Şiddete bulaşmış kişiler, okulda ise rehberlik bölümüne, işyerindeyse iş yeri hekimine yönlendirilmelidir. Okula ve işe devam edebilmesi için alması gereken psiko-sosyal destek planı hazırlanmalı ve titizlikle uygulanması sağlanmalıdır.
Cemiyette ya da aile içinde meydana gelen şiddet girişimleri ve zorbalıklar da benzer şekilde aile hekimleri üzerinden psiko-sosyal destek programlarına alınabilir.
Esasen öğretmen, muhtar, cami imamı, apartman görevlisi başta olmak üzere, mahalle bakkalından komşu teyzeye kadar herkes ailesine veya çevresine şiddet uygulayan zorbaları bilir.
Devlet bu bilgileri mağdurun lehine kullanmak ve şiddeti önlemek için kullanmalıdır.
Şiddetle mücadelede, yukarıda sayılanlar gibi onlarca pozitif alternatif mevcuttur.
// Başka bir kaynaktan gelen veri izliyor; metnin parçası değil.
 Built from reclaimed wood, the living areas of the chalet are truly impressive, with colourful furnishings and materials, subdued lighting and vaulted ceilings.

Ancak, bu vb. alternatif tedbir ve önerileri hayata geçirmek için öncelikle bakış açımızı ve mağdurun müracaatına dayalı işlem yapma paradigmasını değiştirmek, doğrudan şiddet ve zorbalara odaklanmak gerekir.
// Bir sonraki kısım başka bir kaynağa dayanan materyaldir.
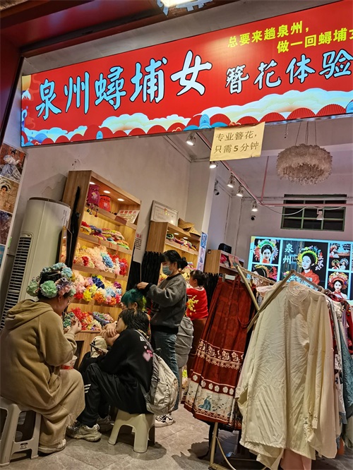 #文章首发挑战赛#泉州西街小西埕,一个不可错过的网红打卡地。小西埕位于泉州市鲤城区西街中段,从巷子往里走,看到一家名叫“泉州蟳埔女 簪花体验馆”的小店,几个游客正在那做簪花,“今生簪花,来世漂亮”体验做个漂亮的蟳埔女。

Şiddetle mücadele, emniyet ve adliye bürokrasisine terkedilmeyecek kadar ehemmiyetli ve karmaşık sosyal bir görevdir.
Ulusal ölçekte Şiddet ve Zorbalıklarla Mücadele Stratejisi ve Eylem Planı hazırlanmalı, psikolog, sosyal hizmet uzmanı gibi binlerce profesyonel şiddetle mücadele için mobilize edilmelidir.
Bu mücadeleyi; başta öğretmenler ve doktorlar olmak üzere diğer meslek elemanlarının öncülüğünde, mağdurları deşifre etmeden onların onurlarını zedelemeden yürütmeliyiz.